### Exercise directions:
From the records below, set down exactly the lines starting with the line that contains "右转,将右侧调色板机关的【组" and going on through the line that contains "You’ll need mayonnaise". Nothing else is wanted.

### Data for this task:
★ ★ ★ ★ ★

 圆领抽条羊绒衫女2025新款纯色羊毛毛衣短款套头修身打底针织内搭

★ ★ ★ ★ ★

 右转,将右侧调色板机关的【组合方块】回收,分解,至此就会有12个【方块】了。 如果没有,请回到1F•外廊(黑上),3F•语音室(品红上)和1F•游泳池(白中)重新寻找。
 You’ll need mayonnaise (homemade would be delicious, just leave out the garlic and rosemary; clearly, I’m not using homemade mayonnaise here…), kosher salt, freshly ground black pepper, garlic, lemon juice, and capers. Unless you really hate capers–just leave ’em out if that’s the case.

★ ★ ★ ★ ★

### Answer box:
 右转,将右侧调色板机关的【组合方块】回收,分解,至此就会有12个【方块】了。 如果没有,请回到1F•外廊(黑上),3F•语音室(品红上)和1F•游泳池(白中)重新寻找。
 You’ll need mayonnaise (homemade would be delicious, just leave out the garlic and rosemary; clearly, I’m not using homemade mayonnaise here…), kosher salt, freshly ground black pepper, garlic, lemon juice, and capers. Unless you really hate capers–just leave ’em out if that’s the case.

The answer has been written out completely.